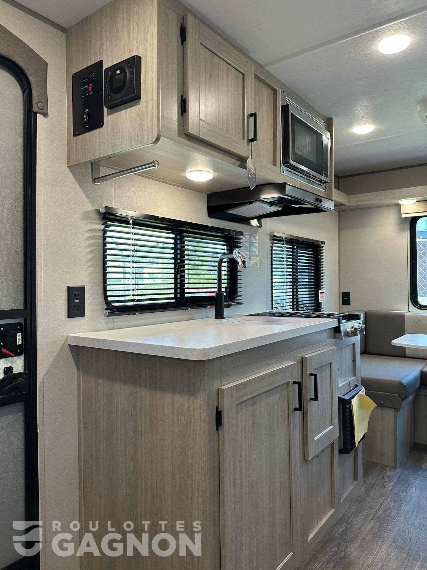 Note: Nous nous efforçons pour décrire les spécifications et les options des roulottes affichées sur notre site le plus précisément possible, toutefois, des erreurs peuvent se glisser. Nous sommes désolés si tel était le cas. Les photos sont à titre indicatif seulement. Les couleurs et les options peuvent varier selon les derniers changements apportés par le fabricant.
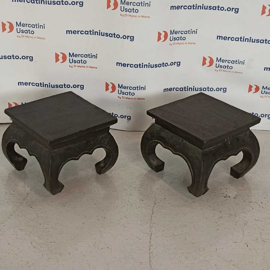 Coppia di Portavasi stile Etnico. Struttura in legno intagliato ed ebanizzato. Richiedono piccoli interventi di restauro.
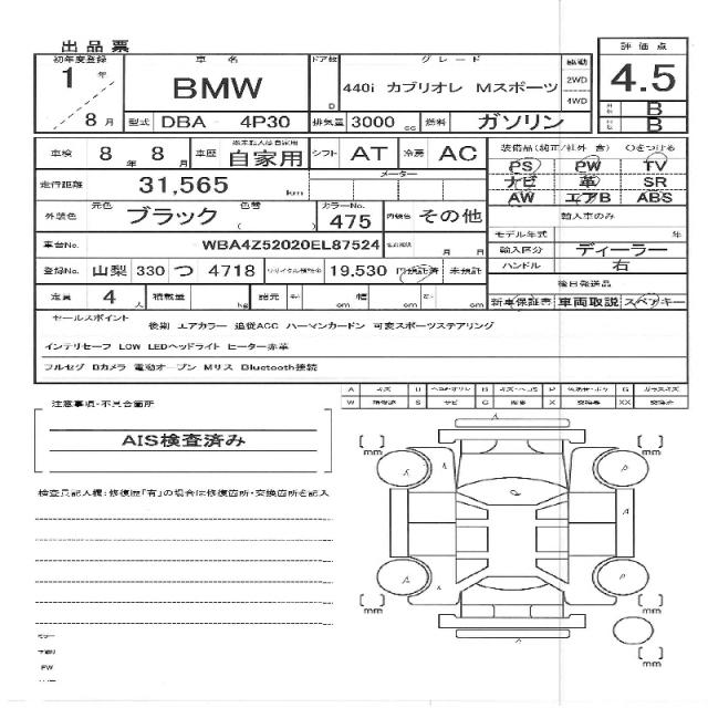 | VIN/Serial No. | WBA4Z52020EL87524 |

□ □ □

__Task__: Repeat the material above verbatim. Leave the pictures behind.

__Solution to the exercise__:
 Note: Nous nous efforçons pour décrire les spécifications et les options des roulottes affichées sur notre site le plus précisément possible, toutefois, des erreurs peuvent se glisser. Nous sommes désolés si tel était le cas. Les photos sont à titre indicatif seulement. Les couleurs et les options peuvent varier selon les derniers changements apportés par le fabricant.
 Coppia di Portavasi stile Etnico. Struttura in legno intagliato ed ebanizzato. Richiedono piccoli interventi di restauro.
 | VIN/Serial No. | WBA4Z52020EL87524 |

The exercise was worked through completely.